Material and methods
From September 2007 to March 2008, 65 consecutive children were prospectively entered into the study. Oral consent was obtained from the parents of the children involved in the study. The children’s age ranged from 10 months to 10.5 years. The children were divided into two groups: those with cyanotic congenital heart disease (CHD) and those with acyanotic congenital heart diseases. All the patients were recruited from the Paediatric and Cardiology Departments of Cairo University Hospitals.
The first group consisted of 35 children (19 females, 16 males; age range: 10 months-9.8 years) with cyanotic CHD, while the second group included 30 children (16 females, 14 males; aged between 12 months and 10.5 years) with acyanotic congenital heart disease.
All the children were subjected to the following:
• full history and clinical examination, including weight and height; the nutritional status of the patients was assessed by BMI [weight (kg)/height (m²)];
• laboratory investigations:
– haemoglobin concentration and haematocrit,
– arterial oxygen saturation: arterial oxygen saturation (SaO2) was analysed in blood samples drawn from the peripheral vessels,
– level of VEGF in serum: blood samples for VEGF analyses were withdrawn by standard venipuncture and were centrifuged for 10 min at 5000 rpm and then serum samples were stored at –20°C until the time of analysis; serum VEGF level was measured with sandwich enzyme immunoassay using commercially available kits (Human VEGF, Cytimmune Sciences Inc., Rockville, MD, USA),
– other investigations included kidney function, complete blood picture and prothrombin time and concentration;
• chest X-ray: PA and lateral views;
• twelve-lead electrocardiogram;
• echocardiography: using a Sonos 5500 ultrasound system (HP Hewlett Packard), with a 5 MHz transducer for children. M-mode and 2-dimen­sional examinations were performed from the standard subcostal, parasternal and apical approaches; Doppler (pulsed wave and continuous wave) and colour Doppler mapping were also used to reach the diagnosis;
• cardiac catheterization: using a Philips biplane cardiac catheterization laboratory:
– this was performed in:
– patients with pulmonary atresia: mainly to determine the origin and distribution of collaterals,
– patients with tetralogy of Fallot: to define the coronary arteries and to determine the left ventricular diastolic volume and index; also to determine the origin and distribution of collaterals.
Both right and left sided cardiac catheterization was performed and pressure was measured in all chambers and from the pulmonary artery and pulmonary veins (wedge pressure). Saturation in all the chambers was also performed to detect shunts. Clinical diagnoses in both groups are listed in Table I.

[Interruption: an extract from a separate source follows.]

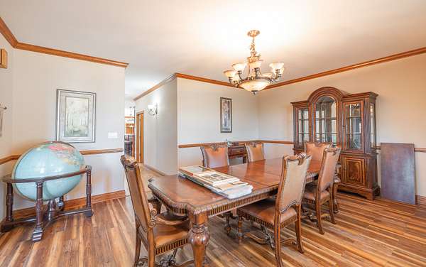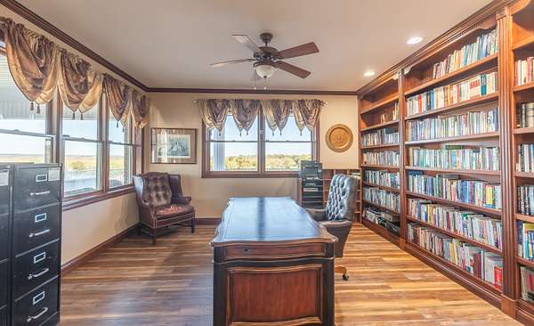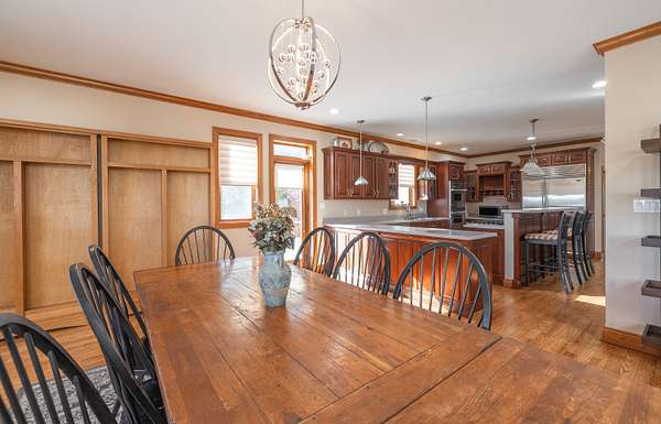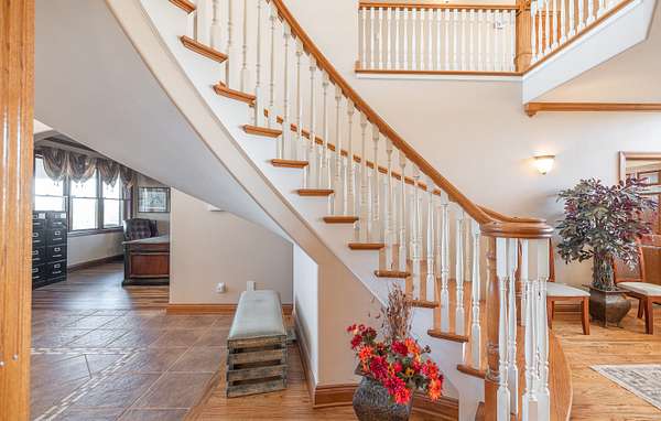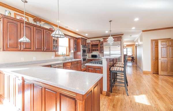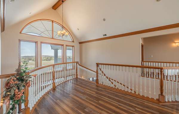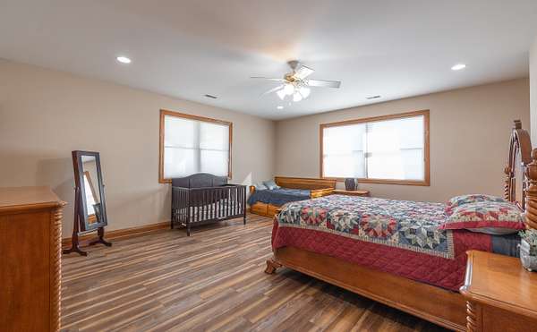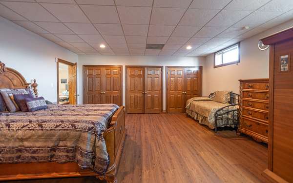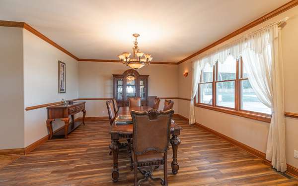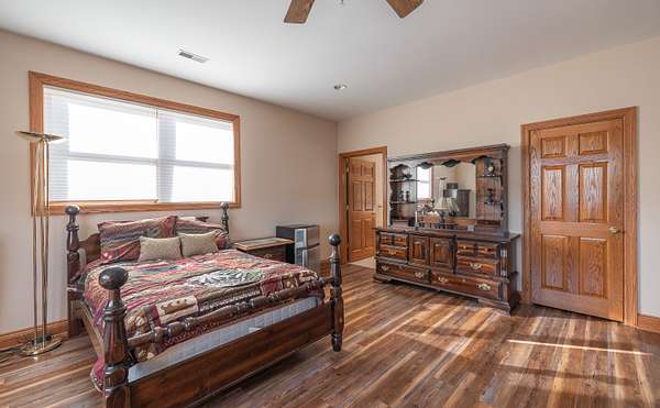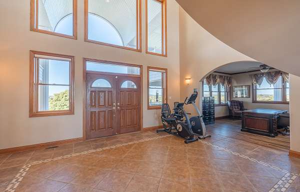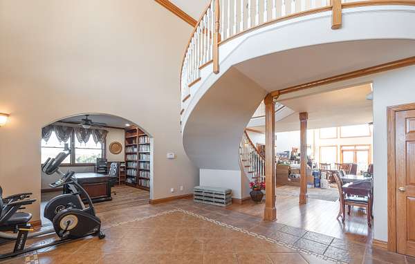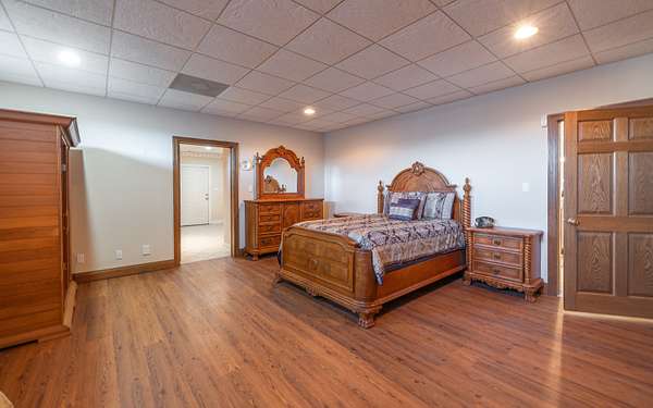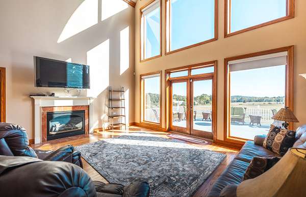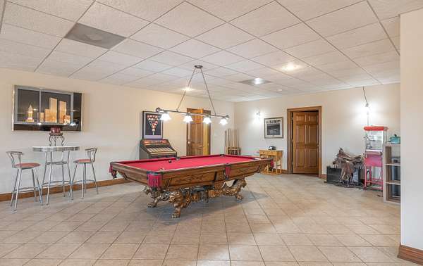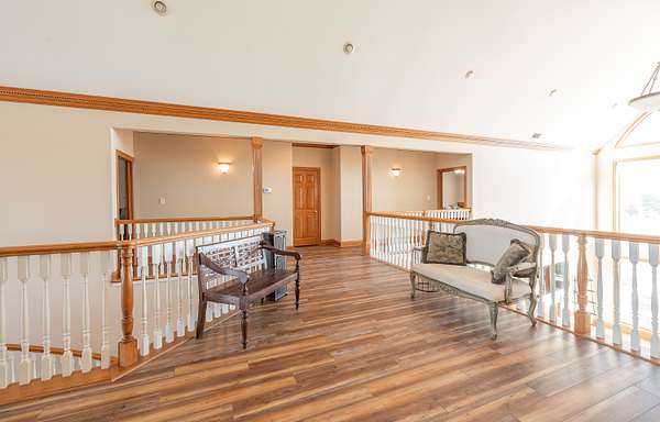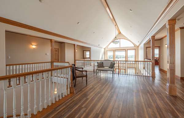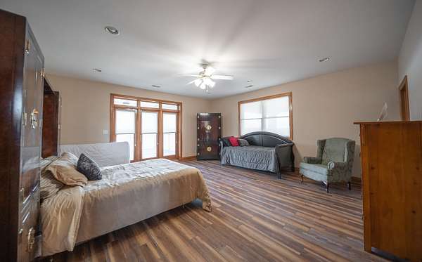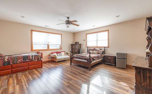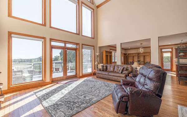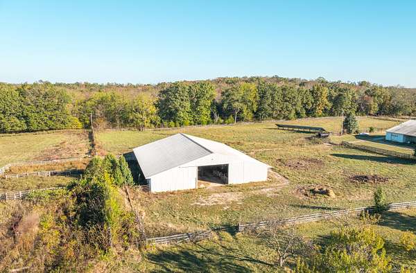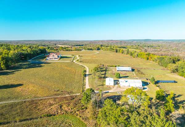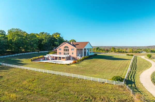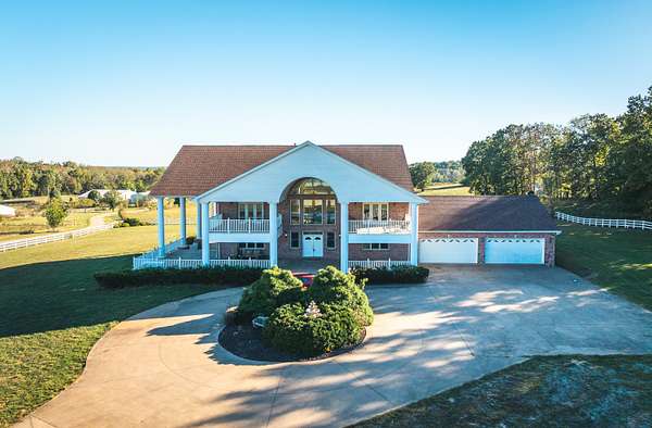Fischer Farm and Ranch Estate - Turnkey, Multi-Use Property! This 122+ acre working farm combines productivity, comfort, and self-sufficiency. Designed for livestock, crops, and residential living, the property includes multiple water sources, extensive fencing, and high-quality improvements throughout. Land and Water Features: Two ponds, seasonal springs, and a year-round creek provide abundant water. Three wells, six automatic cattle waterers, welded wire perimeter fencing, and cross-fenced pastures make this property livestock-ready. Four pastures, including a smaller barnyard pasture, each have multiple water sources for easy rotational grazing. Vinyl fencing lines the road frontage and surrounds the main home. Concrete driveways provide easy access to barns and home, and a 1,000-gallon diesel tank services machinery. Barns and Outbuildings: o Main Barn ("Grandma's Barn") - Three apartments (two wheelchair-accessible, one caretaker) with full kitchens, baths, laminate floors, and individual heating/cooling. Common area includes laundaronia, and three types of seedless grapes. Main Residence: Brick home with 6 bedrooms plus 2 sleeping rooms and 8.5 baths. Main-floor primary suite, four upstairs bedroom suites, and three basement suites (two non-conforming). Each bedroom has a full bath and walk-in closet. Two kitchens and three laundry areas support multi-generational living or staff. Main kitchen includes Viking/Sub-Zero appliances, cherry cabinetry, large pantry, and breakfast bar. Professionally refinished oak floors, tiled entries, and laminate bedroom floors complete the home. Living areas include cathedral ceilings, gas fireplace, south-facing windows with remote blinds, and French doors to patios overlooking the 22,000-gallon fiberglass pool. Outdoor entertaining is enhanced by patios on three sides, overlooking pastures, ponds, and natural scenery. Infrastructure and Systems: Steel-stud construction, Anderson windows, central vacuum, conduit wiring, three geothermal HVAC systems (main replaced 2025), five 40-gallon water heaters plus on-demand unit for master bath. Solar power via 104 SolarEdge panels with net metering. Four 200-amp electrical panels (800 total amps), buried 1,900-gallon LP tank, and cellular booster ensure full functionality. Summary: A rare opportunity blending high-quality infrastructure, multi-generational housing, livestock-ready land, and sustainable features. Ideal for cattle, crops, or a full-time rural homestead with income potential. This property is fully equipped for productive living, comfort, and convenience. Schedule your private tour today to experience this one-of-a-kind farm and ranch estate!

Exclusion criteria included:
• patients with acute illness;
• patients who were critically ill, including those with moderate to severe malnutrition, according to the growth indices (Table II);
• patients scheduled for surgery during the withdrawal of blood samples;
• patients with pulmonary hypertension.
Data were analysed by the Statistics Package for Social Sciences Statistical Software (SPSS) 11.0. All results were expressed as the mean value ± standard deviation. Student’s t-test was used for comparisons between the two groups. The correlations between the groups were assessed by Pearson correlation. A value of p < 0.05 was interpreted as indicating statistical significance.

Results
As regards the general characteristics of patients, no significant difference was found between the groups for age (p = 0.652), body weight or height (Table II). Nutritional status of the two groups was assessed by body weight, height and BMI. Body mass index levels were within the normal range in the cyanotic group and acyanotic group, showing absence of moderate or severe malnutrition in both groups; however, BMI levels were significantly lower in the cyanotic as compared to the acyanotic group (p < 0.001) (Table III).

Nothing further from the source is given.